=== Data for this exercise ===
—————

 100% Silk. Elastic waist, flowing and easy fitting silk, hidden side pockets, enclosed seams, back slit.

—————

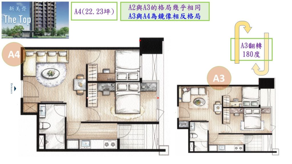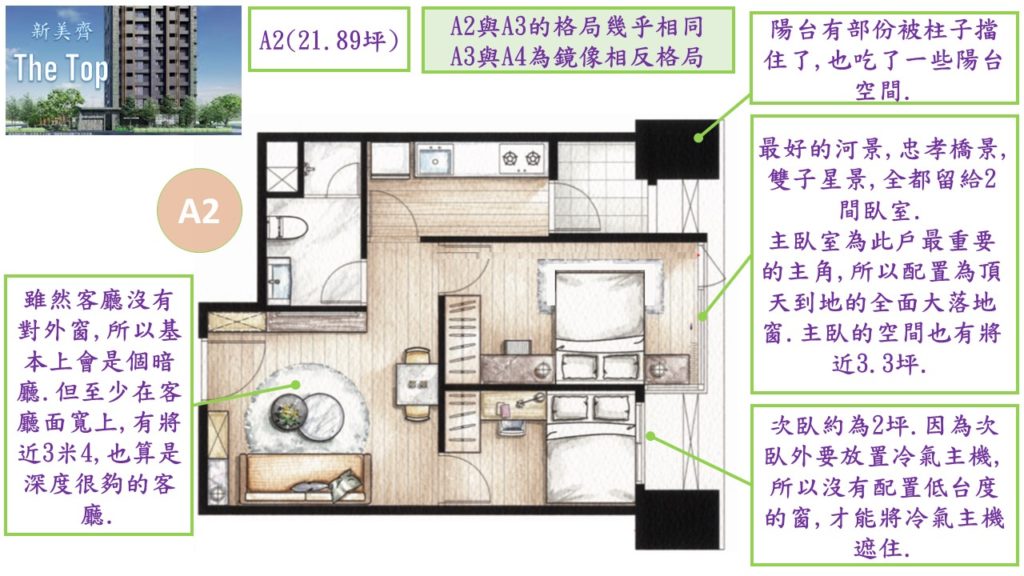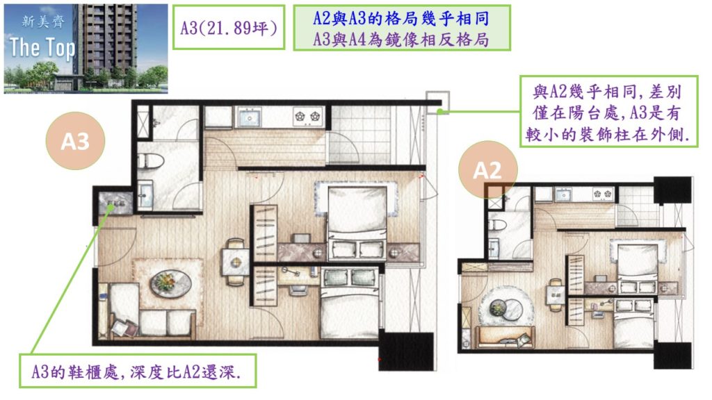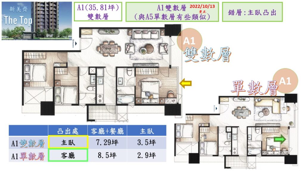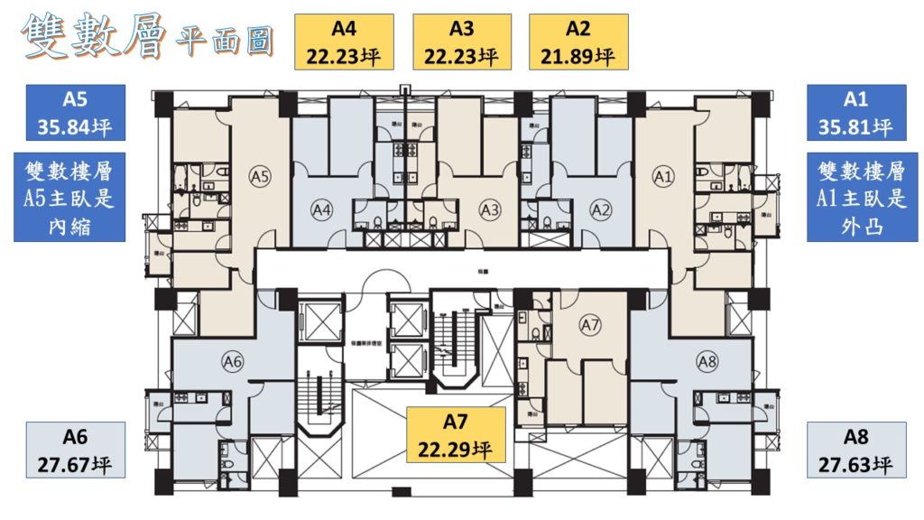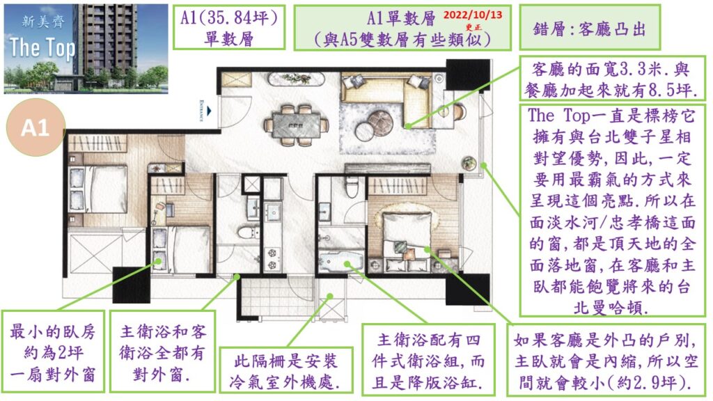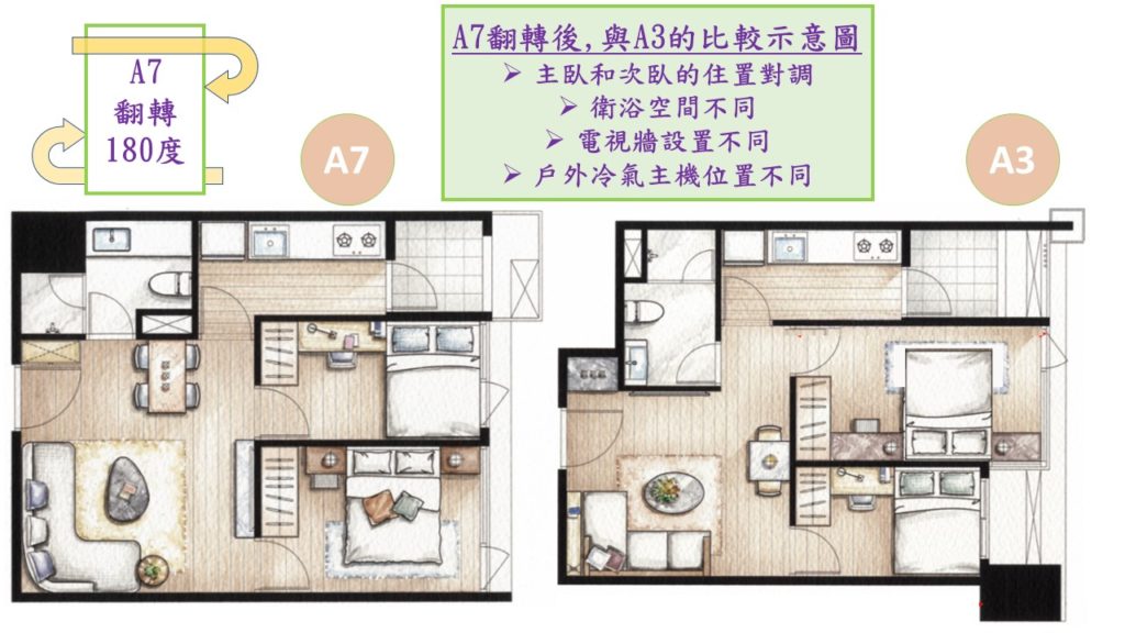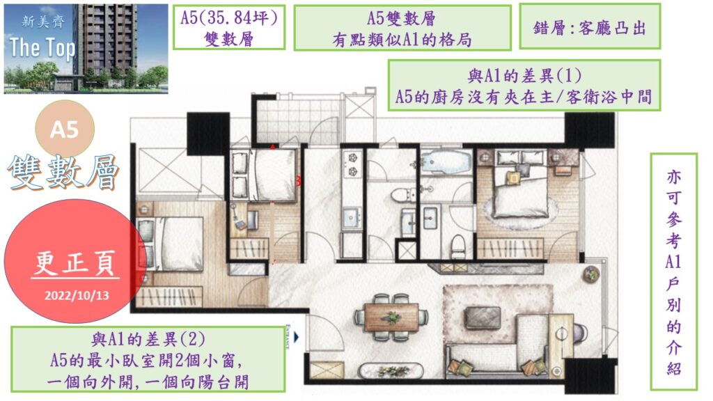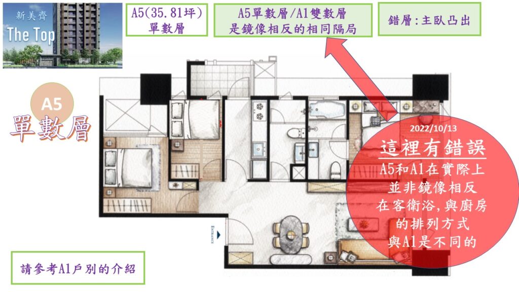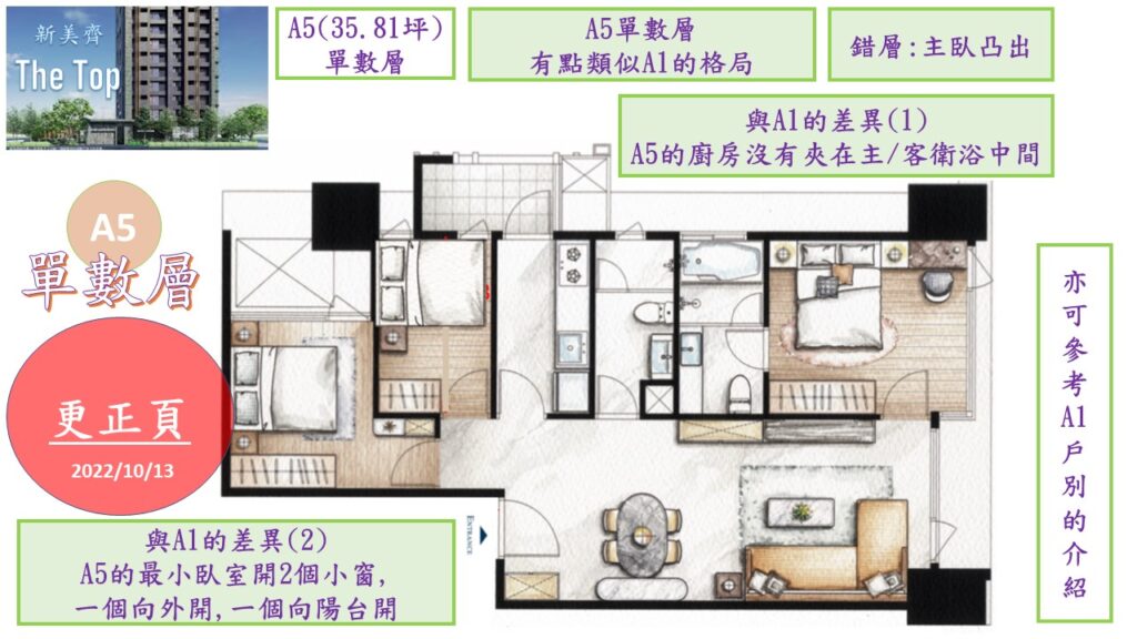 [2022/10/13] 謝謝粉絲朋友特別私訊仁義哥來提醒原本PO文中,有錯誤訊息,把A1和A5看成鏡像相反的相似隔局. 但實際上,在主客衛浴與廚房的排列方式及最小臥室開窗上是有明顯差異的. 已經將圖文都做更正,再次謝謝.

—————

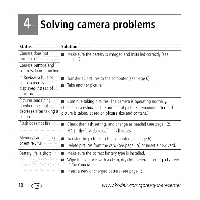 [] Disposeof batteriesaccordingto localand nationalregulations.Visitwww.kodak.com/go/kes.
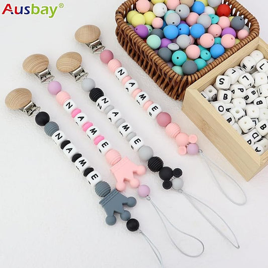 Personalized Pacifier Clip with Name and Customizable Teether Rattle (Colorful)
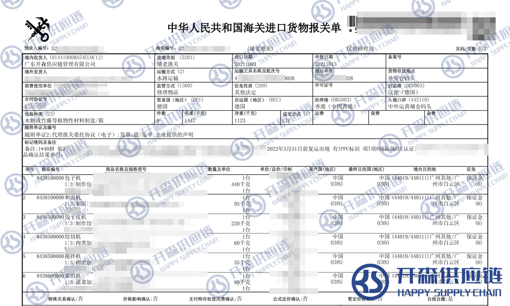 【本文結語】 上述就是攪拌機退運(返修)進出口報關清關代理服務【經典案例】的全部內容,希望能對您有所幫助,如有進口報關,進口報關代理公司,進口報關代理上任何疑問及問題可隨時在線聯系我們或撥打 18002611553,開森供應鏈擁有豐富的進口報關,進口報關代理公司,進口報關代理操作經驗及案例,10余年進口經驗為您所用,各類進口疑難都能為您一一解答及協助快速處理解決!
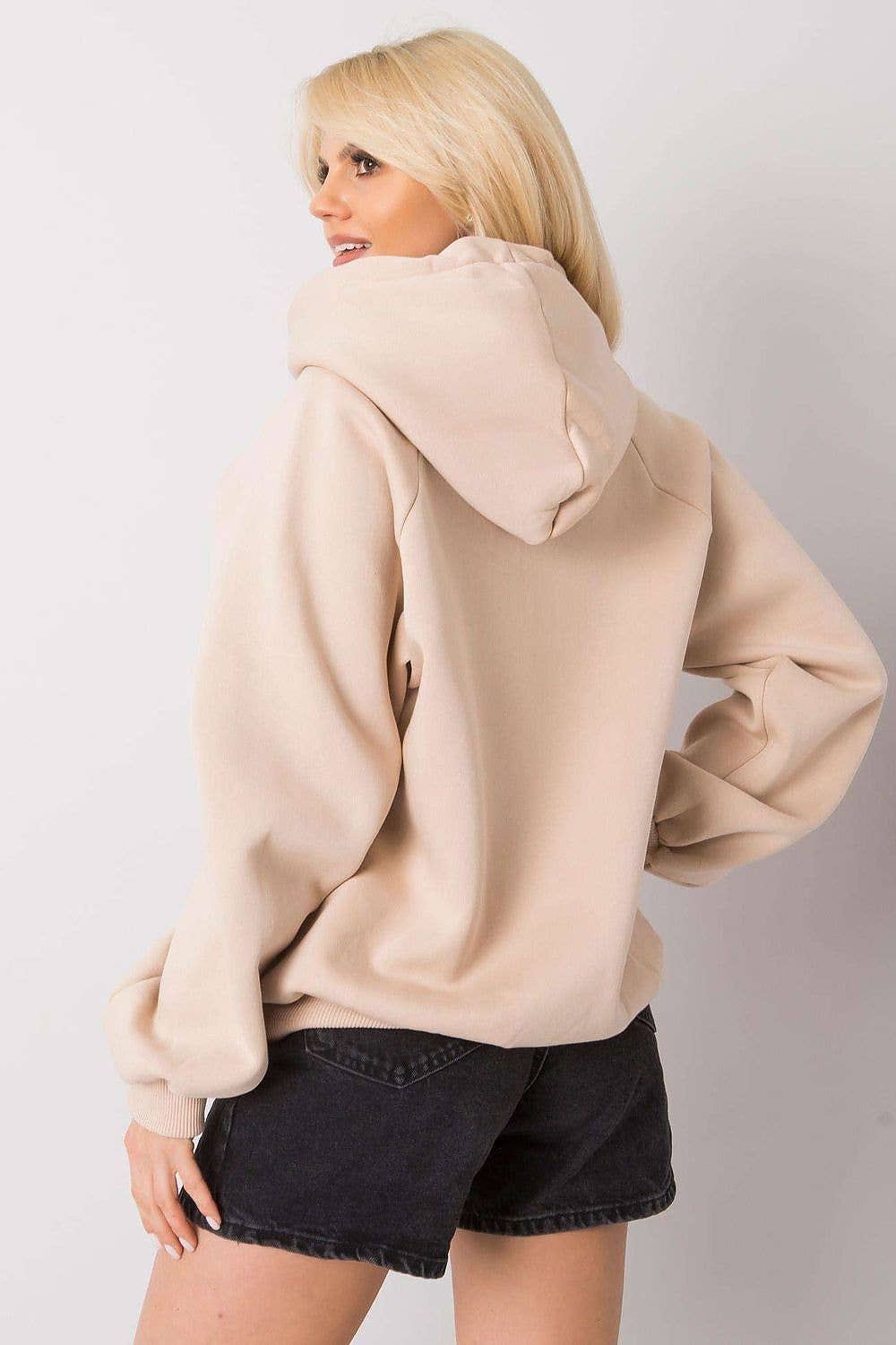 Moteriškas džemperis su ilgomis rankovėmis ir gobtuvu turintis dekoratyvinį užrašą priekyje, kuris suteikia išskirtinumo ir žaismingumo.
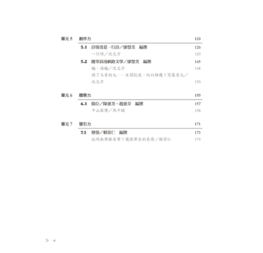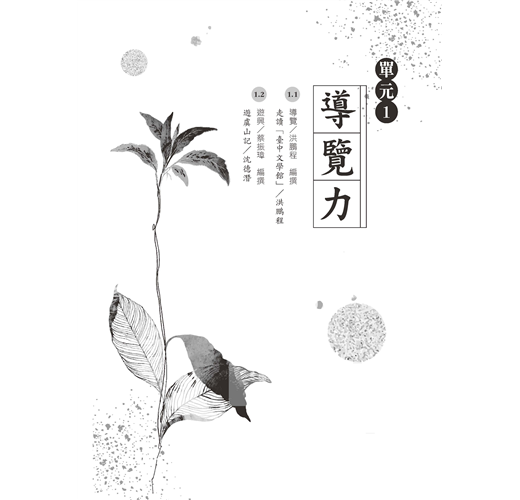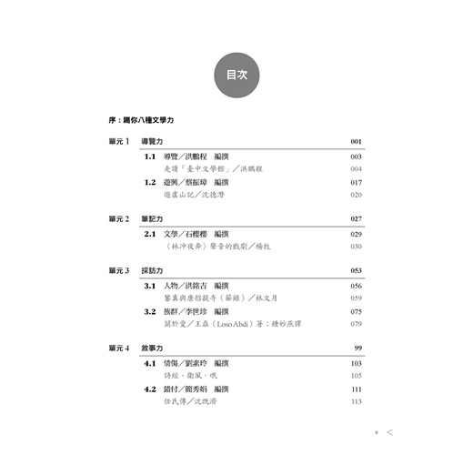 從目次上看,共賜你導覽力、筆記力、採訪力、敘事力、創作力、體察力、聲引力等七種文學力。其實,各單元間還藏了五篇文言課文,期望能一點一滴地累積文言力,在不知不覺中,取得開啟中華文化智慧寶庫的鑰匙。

—————

=== Directions ===
Set down again, exactly, every line above from the one with "[] Disposeof batteriesaccordingto" down to the one with "從目次上看,共賜你導覽力、筆", both ends included. No pictures, and nothing else.

=== Exercise result ===
 [] Disposeof batteriesaccordingto localand nationalregulations.Visitwww.kodak.com/go/kes.
 Personalized Pacifier Clip with Name and Customizable Teether Rattle (Colorful)
 【本文結語】 上述就是攪拌機退運(返修)進出口報關清關代理服務【經典案例】的全部內容,希望能對您有所幫助,如有進口報關,進口報關代理公司,進口報關代理上任何疑問及問題可隨時在線聯系我們或撥打 18002611553,開森供應鏈擁有豐富的進口報關,進口報關代理公司,進口報關代理操作經驗及案例,10余年進口經驗為您所用,各類進口疑難都能為您一一解答及協助快速處理解決!
 Moteriškas džemperis su ilgomis rankovėmis ir gobtuvu turintis dekoratyvinį užrašą priekyje, kuris suteikia išskirtinumo ir žaismingumo.
 從目次上看,共賜你導覽力、筆記力、採訪力、敘事力、創作力、體察力、聲引力等七種文學力。其實,各單元間還藏了五篇文言課文,期望能一點一滴地累積文言力,在不知不覺中,取得開啟中華文化智慧寶庫的鑰匙。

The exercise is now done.